For a long time, the origin of Chinese noodles has been an unshakable certainty among gastronomy experts from all over the world. Babylonians and Assyrians have also been pointed to as possible inventors of food, around 2500 BC.
In China, traces of nearly four thousand years have already been discovered. The Venetian merchant Marco Polo (1254-1324) would take macaroni to Italy along with other innovations for European eyes and charm.
Among historians on the subject, however, the version that confirms the origin of pasta is the Italian origin. If Marco Polo would be a carrier of food in 1295, there is already a record in Italy from 1279 of the word “macaronis”, which a Genoese soldier used in the goods for his family.

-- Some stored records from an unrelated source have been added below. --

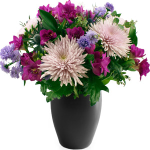A popular bouquet of seasonal blooms bursting with Pastel tones, Shades of Pink and Mauve. Complimented with luxury seasonal greenery.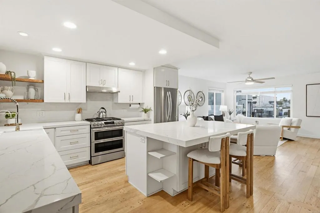 Live at the beach just one block from the sand in the heart of the Ocean Beach neighborhood. This modern coastal end unit captures the essence of relaxed beach living, blending clean contemporary design with warm, natural finishes. Natural wood floors, skylights above the stairwell and primary bath, and an open living concept fill the home with light and flow. The main living area and primary suite both enjoy water views, reinforcing a strong connection to the coast. With an airy atmosphere throughout and only one shared wall, this end-unit residence offers enhanced privacy while maintaining a vibrant, beach-forward energy. The remodeled kitchen serves as the centerpiece of the home, featuring modern finishes and a rare dual-dishwasher perfect for entertaining or effortless daily living. The home offers over 1,300 square feet of living space, two tandem off-street parking spaces, and a Walk Score of 93, placing shops, dining, coffee, and the beach all within easy reach. Ocean Beach Elementary is highly regarded, earning an A rating on Niche and a 10 on GreatSchools. A rare opportunity to combine true beach proximity, thoughtful design, and everyday functionality in one of San Diegos most sought-after coastal communities.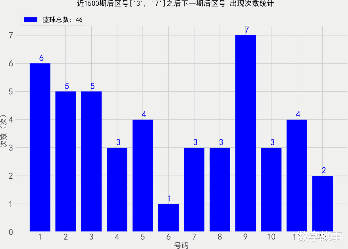 统计近1500期后区号3-7之后, 各后区号的出现次数大乐透26025期后区号是3-7找出近1500期后区3-7号之后,下一期出现的所有后区号,统计其出现次数。除开这一期,共出现了23次3-7后区号那么统计的样本数据是46个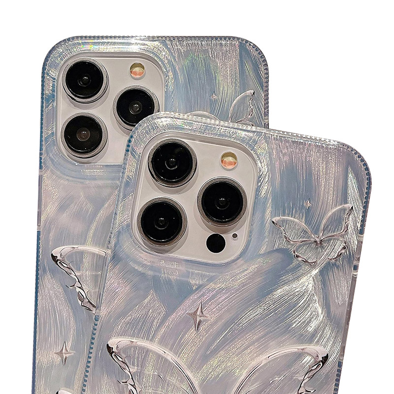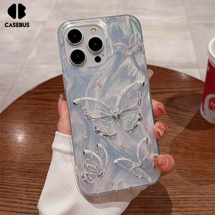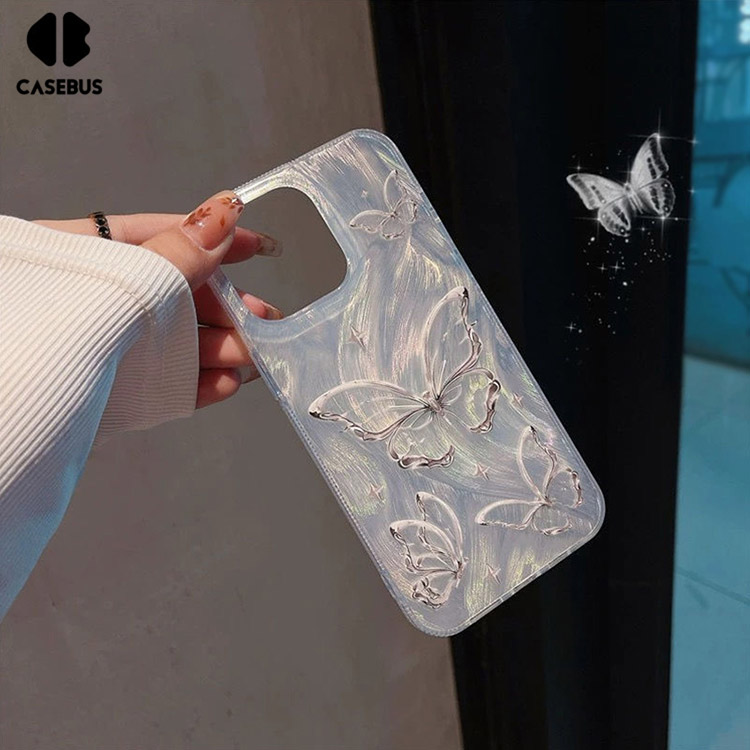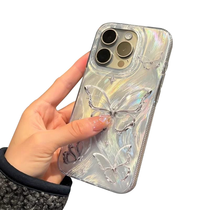 DENISE Casebus Heavy Duty Phone Case, Shiny Silver Butterfly Design, Trendy Slim, Shockproof Protective Cover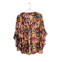 Make a bold statement in this Vince Camuto blouse featuring a vibrant bohemian-inspired print in shades of red, blue, gold, and cream. Designed in a flattering relaxed silhouette, this size 2X top includes pleated fabric, feminine ruffle sleeves, and a split neckline. Lightweight and flowy, it?s perfect for styling with jeans or trousers for a polished yet effortless look.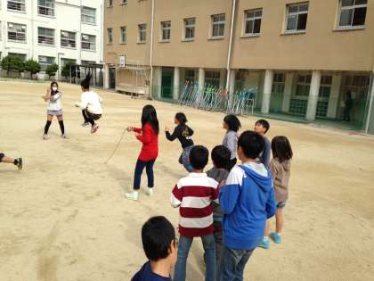 写真は、フラフープくぐりや大なわを練習しているところです。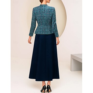 Rochie tip Fustă Coloană formată din două piese cu lungimea ceaiului Rochie de petrecere Rochie de cocktail Rochie pentru invitat la nuntă Rochie pentru mama miresei Mâneci lungi Decolteu cu guler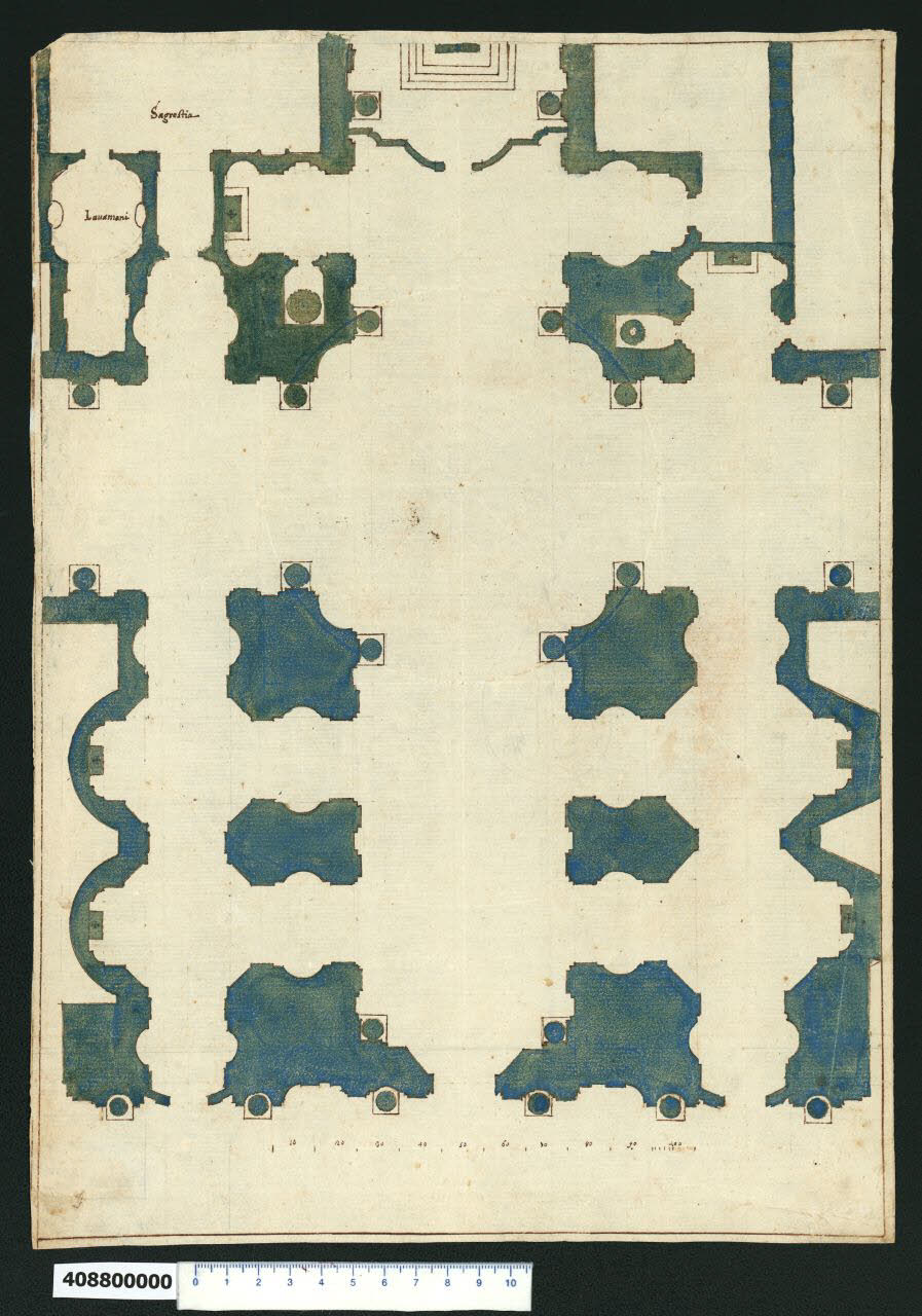 - NOTIZIE STORICO CRITICHE Nell'"Indice" del tomo nel quale era rilegato, il disegno viene definito: "Pianta di Chiesa".\nIl disegno mostra due soluzioni per una chiesa a pianta longitudinale. Dalla facciata, dotata di tre ingressi sottolineati da colonne alveolate, si accede all'interno suddiviso in tre campate da grossi pilastri compositi. Nella parte destra del foglio sono previste due cappelle a pianta trapezoidale, mentre in quella di sinistra due cappelle a pianta semicircolare, i cui volumi sporgono dal filo esterno della parete. La zona centrale del transetto, coperta da una cupola, è delimitata dai grossi pilastri con colonne addossate, che rimandano alla soluzione bramantesca per la basilica di S. Pietro a Roma. Nello spessore dei pilastri prossimi al presbiterio sono state inserite due scale a lumaca. Sul lato sinistro del presbiterio si trovano la sagrestia e il locale lavamani; sulla destra altri due ambienti la cui destinazione non è specificata sul disegno.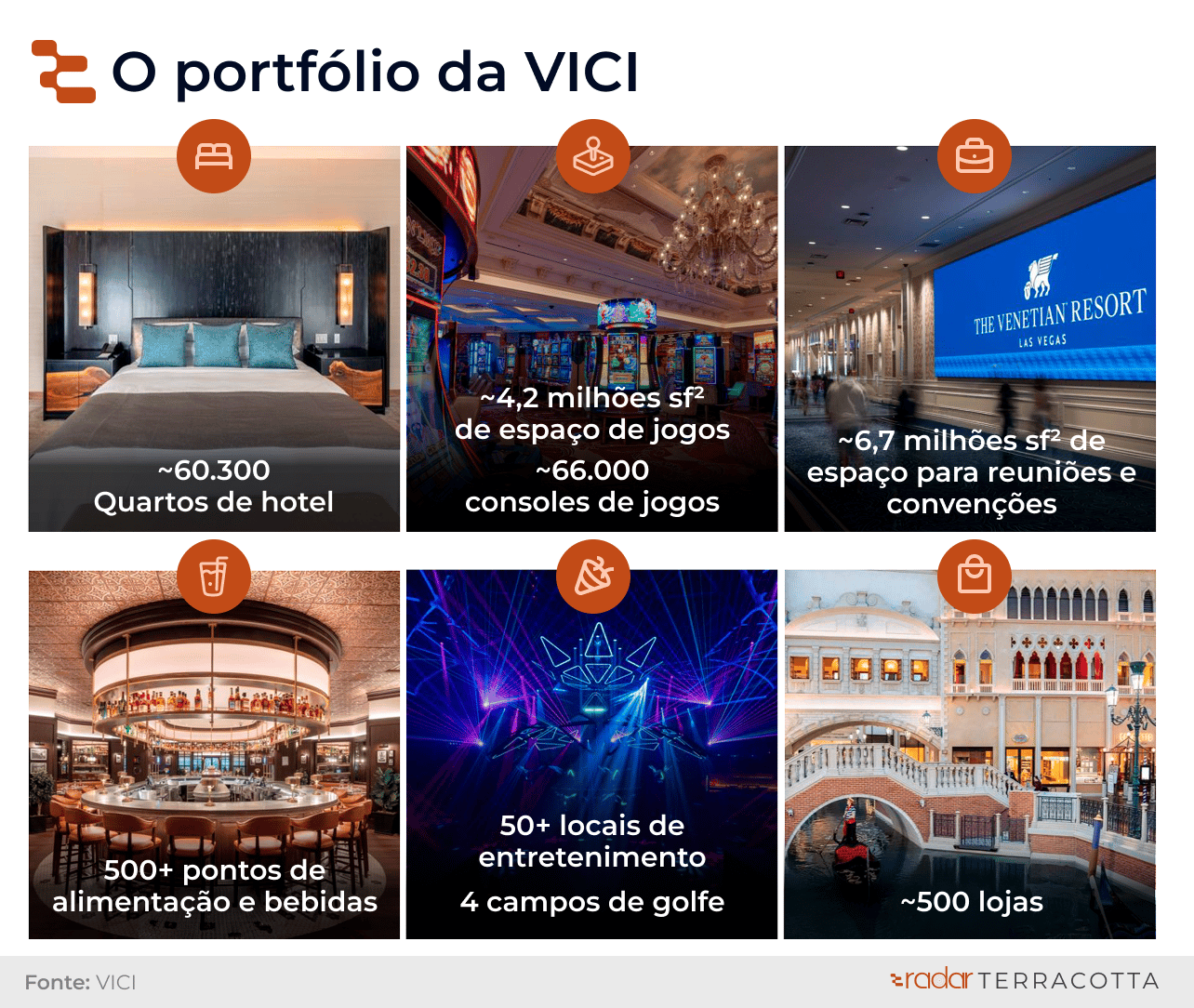 Mas por trás de tudo isso está também uma oportunidade imobiliária e a VICI Properties é um exemplo de como trabalhar isso.

Another current claim is that macaroni originated from the island of Sicily, 100 years before Marco Polo. According to this version, Sicilians grind wheat and mix it with water and wine, creating “macaruni”.
The confusion may have increased because the food had started to spread to other parts of the country at almost the same time the famous researcher arrived, who is more famous for publishing his travel reports at the end of the 13th of the month. century.
And there are still those who say that the creators of dry pasta are the Arabs, who invaded Sicily between the 9th and 11th centuries and introduced the product to the Italians. Similar to this type of pasta you can prepare three recipes that we recommend in this edition – fettuccine baked in the oven, stuffed with cherry tomatoes and basil gratin and penne with chicken and vegetables.
As for the types of noodles, or rather, for the shapes of the dough, there are names.
Besides these three mentioned, there are rigatoni, elbow, tie (farfalle), shell and many others. Pasta, still the most popular form today, is the “technical” word for long pasta, which can be cylindrical or tubular – such as spaghetti, angel hair (fidelini capellini) and bucatini – or flat, in ribbons or tubes , which is shared. to two main groups in Italy – tagliatelle or fettuccine.
But, in fact, in the motherland of official macaroni, these types will never be exclusive and open space, and, for variations such as pappardelle, tongue (or bavette), lasagna and others. In turn, the type of flour – durum wheat semolina, light wheat (traditional), whole wheat or wheat – also determines the characteristics of dry pasta, which may or may not contain eggs.
FLOWER AND WATER
Stories of different types, it is not surprising that the poor people are very happy, they are falling on everyone’s lips.
As the techniques of preparation, and recipes of sauces, combinations and accompaniments, have multiplied, become more important, the basic technique remains the same: pasta (“pasta” in Italian) of pasta is with flour and town. water.
Yes, let’s call it pasta and not ignore the real step-by-step that can shorten the path from pan to happiness.
For example, the cooking time, which is usually indicated on the package, will vary depending on the amount of water, the thickness of the pan and the temperature of the fire on the stove. If you don’t usually get the right definition based on your intuition, the best thing is to taste it after five or six minutes of cooking.
Brazilians are not big fans of al dente pasta, but don’t let it turn into porridge. You do not need to add salt to the pasta, because this ingredient is easy to stick to the final taste of the pasta with its presence in the sauce.
Fresh pasta, although it opens up space in the kitchen, is a different chapter, but it goes well. Talk for a while. Now, it’s time to be happy. Go to work and eat.